[ACTIVITY]: There are pictures in the records below; leave them out and set down exactly the lines from the one holding "국세청, 의료업 수입금액 현황 공개…병의원 1사업자당 평균 수입은 7억여원" through the one holding "Prehensile tailed porcupines".

(Stored items)
>>>>>

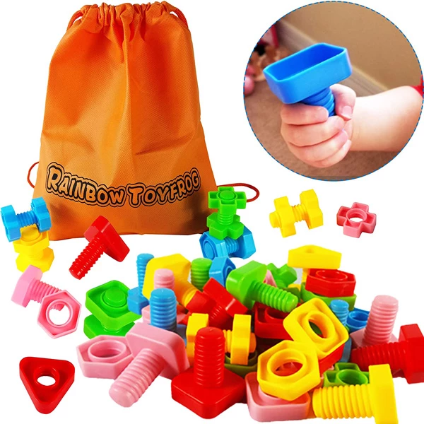 Развивающий набор «Болты и гайки» (40 шт) – учебный набор, знакомящий малыша с цветами и формами через практическую деятельность. Ребенок будет совмещать детали по цвету и форме, развивая мышление, моторику и навыки сортировки.
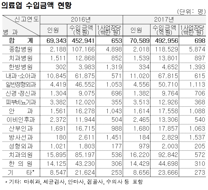국세청, 의료업 수입금액 현황 공개…병의원 1사업자당 평균 수입은 7억여원
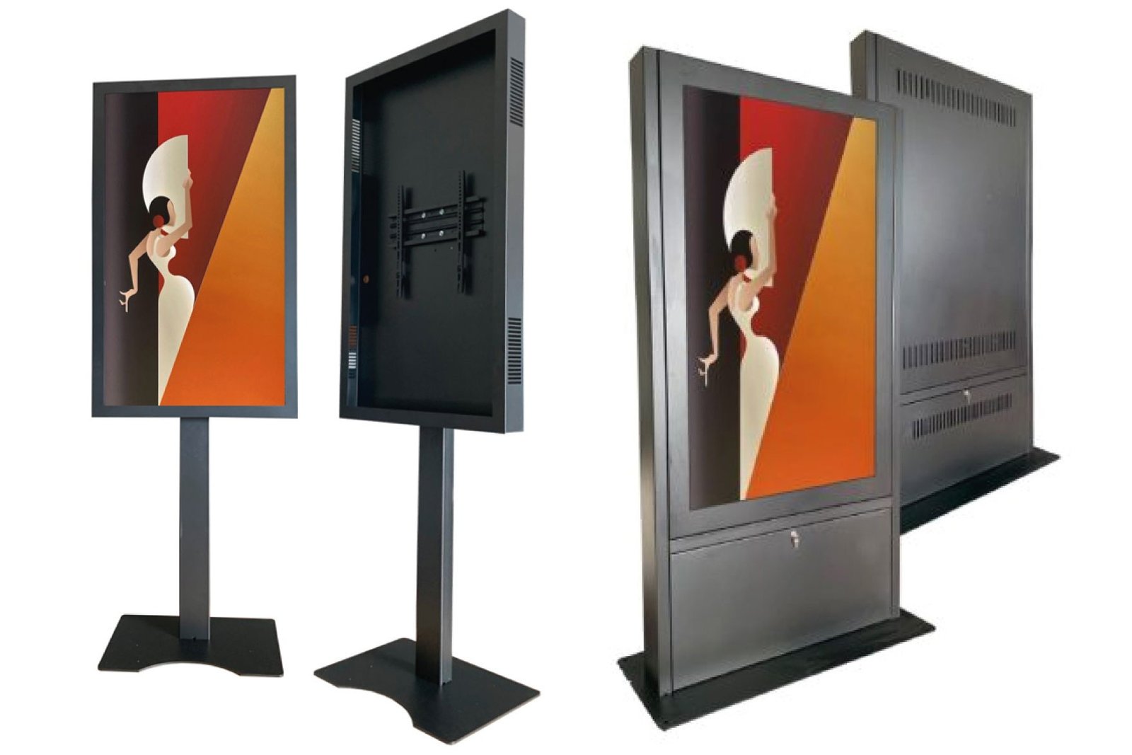 Compact and versatile roll-up stands perfect for exhibitions and promotional displays.
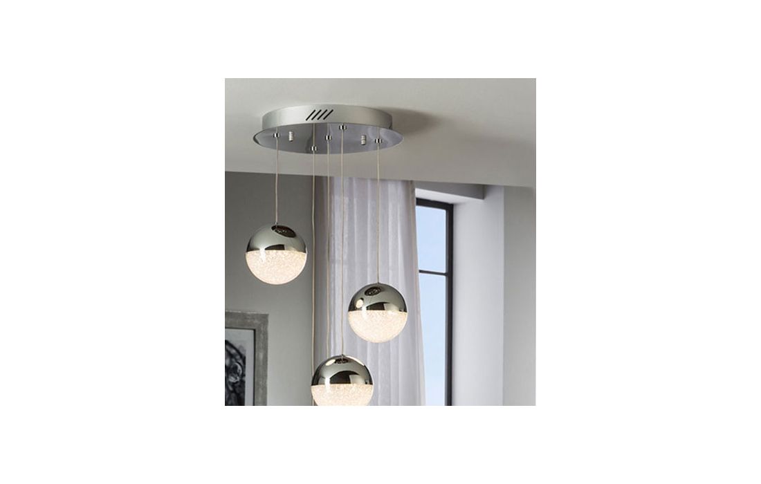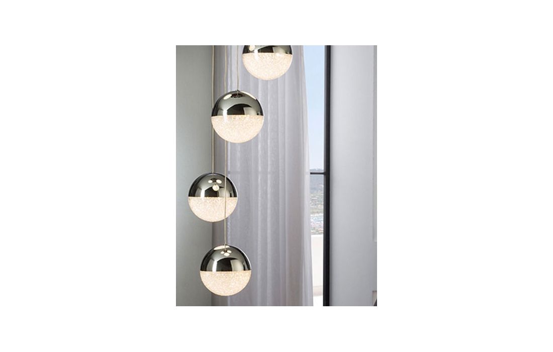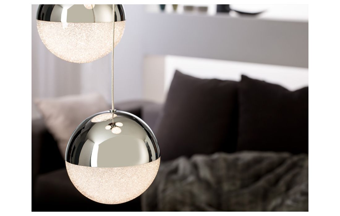 Candeeiro de teto com 5 luzes, realizado em metal acabamento crómio. Tulipas esféricas de Ø12 cm de metal e policarbonato com interior texturizado. Altura regulável.
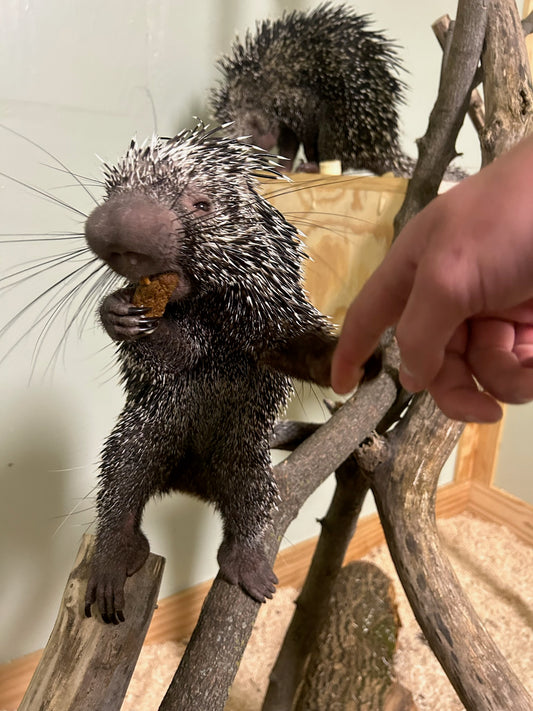 Prehensile tailed porcupines originate from South America. Their tail, predominantly made of muscle, can be used like a 5th appendage. Their tails can measure up to 19 inches long. These adorable creatures can live up to 19 years. They are arboreal, meaning they like to climb and spend their time in trees. They are nocturnal, so they most active at night. However, they are easily woken during the day when we come with treats. They are herbivores and eat mainly root vegetables, nuts, greens, and nutritional biscuits.
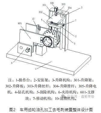 齒輪是汽車行業中主要的基礎傳動元件,通常每輛汽車中有18~30個齒部,齒輪的質量直接影響汽車的噪聲、平穩性及使用壽命。而對于汽車變速箱內的傳動齒輪,為方便變速箱內部冷卻油液的流通以及更好地潤滑齒輪內安裝的滾針軸承,潤滑的充分性至關重要。如果潤滑不到位,則容易出現燒齒、打齒、抱軸等故障現象,由此可見,齒輪油孔的加工質量對于保障齒輪的正常運作具有重大影響。齒輪油孔加工需要通過鉆孔設備對齒輪進行鉆油孔加工,而鉆孔設備對齒輪鉆孔加工的過程中,伴隨著對齒輪由外向內的切削,在齒輪油孔的內孔處易產生毛刺翻邊等問題。針對上述問題,提出一種全新的汽車齒輪零件加工鉆孔去毛刺一體化裝置,以提高汽車齒輪油孔加工質量與效率。
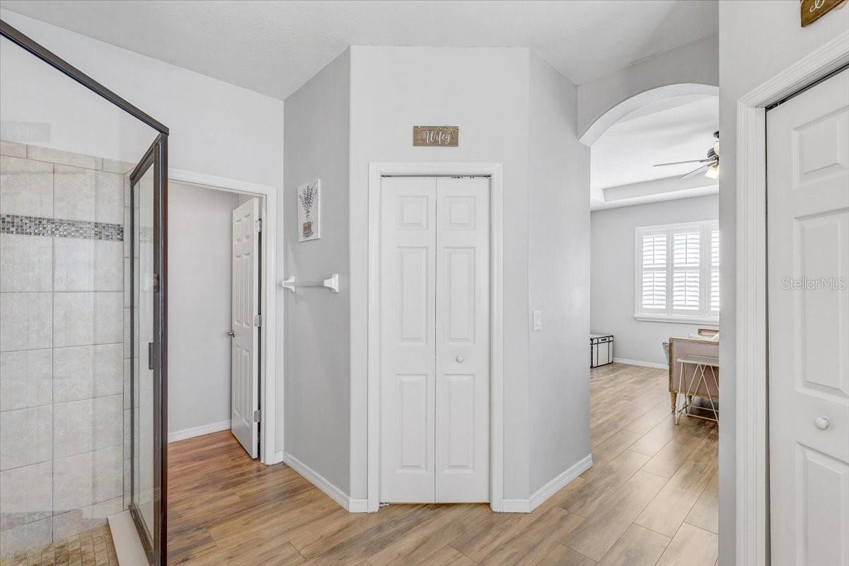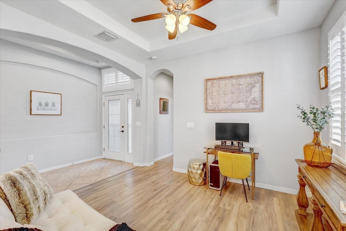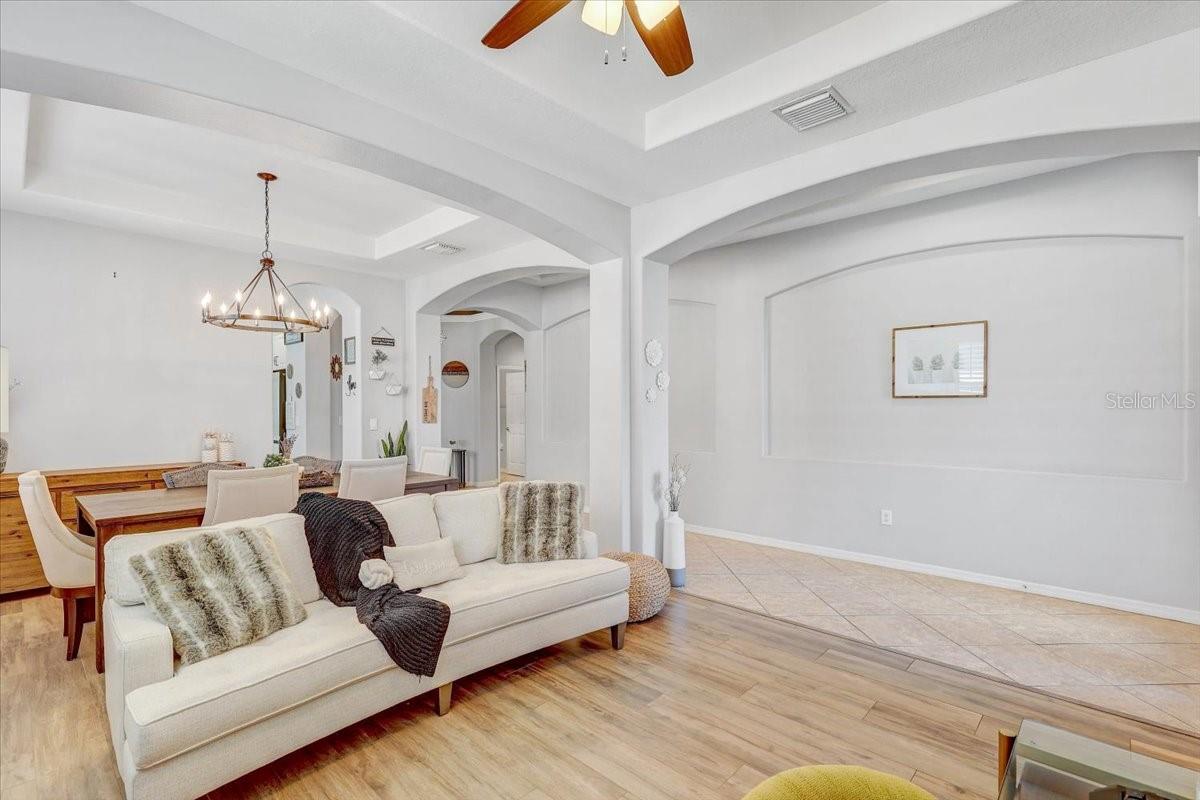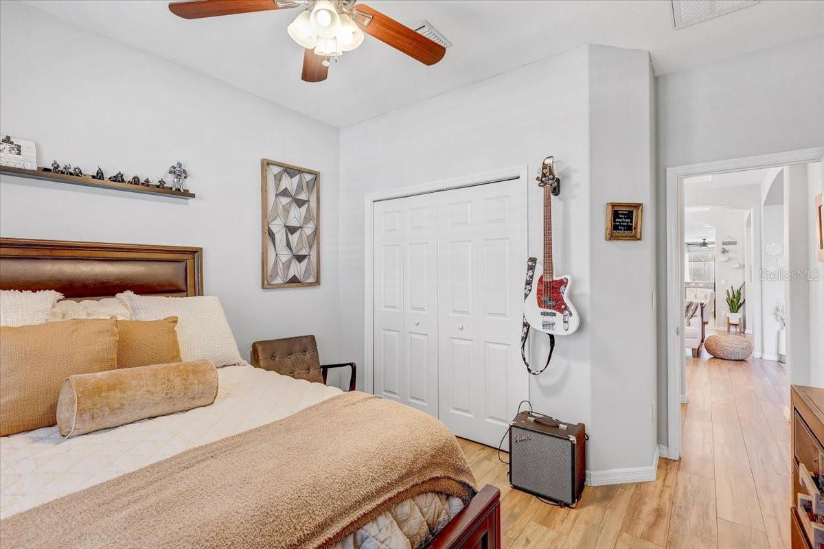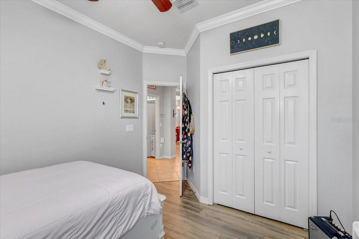 STUNNING PRIVATE POOL HOME! NEWLY INSTALLED IN 2022! Welcome to Channing Park! This desirable floorplan features 4-bedrooms, 3 full bathrooms, 3 Car Garage, and a 3-way split floor plan. Step inside, into an open foyer with a formal dining room and living room near the entryway. One of the bedrooms is privately located near the front of the home, perfect to use as a guest suite with its own full bathroom. The home has Plantation Shutters, Upgraded Tile Flooring in all the bedrooms/ensuite bathroom, and a Lighted Tray Ceiling Center Hall Rotunda! The remodeled kitchen has many appealing upgrades, with Granite Countertops, Modern glass BESPOKE appliances, Center Island, Spacious Seated Breakfast Bar, Cabinets with Crown Molding, and a Gorgeous Backsplash. The Primary suite offers a peaceful escape with Tray Ceilings and Dual Walk-in Closets, with an ensuite bath, complete with a Garden tub, Separate Tiled Walk-in Shower, and Double Sink Vanity. From your Great Room, you have sliding glass doors leading out to your Screened Lanai with Pavers and a covered porch area for grilling, outdoor dining, and lounging. Let's not forget the caged gas heater Private Pool with a Sun shelf and Waterfalls! Zoned for all A rated schools! Channing park features resort style amenities; Basketball court, two dog bark parks (One for large and one for small dogs), Soccer field, playground, clubhouse, Community Pools, Spa, Waterpark/Splashpad, fitness Center, grilling stations, skateboard park, and walking trails. Call today to schedule a private viewing!

<<<<<

[YOUR SOLUTION]:
국세청, 의료업 수입금액 현황 공개…병의원 1사업자당 평균 수입은 7억여원
 Compact and versatile roll-up stands perfect for exhibitions and promotional displays.
 Candeeiro de teto com 5 luzes, realizado em metal acabamento crómio. Tulipas esféricas de Ø12 cm de metal e policarbonato com interior texturizado. Altura regulável.
 Prehensile tailed porcupines originate from South America. Their tail, predominantly made of muscle, can be used like a 5th appendage. Their tails can measure up to 19 inches long. These adorable creatures can live up to 19 years. They are arboreal, meaning they like to climb and spend their time in trees. They are nocturnal, so they most active at night. However, they are easily woken during the day when we come with treats. They are herbivores and eat mainly root vegetables, nuts, greens, and nutritional biscuits.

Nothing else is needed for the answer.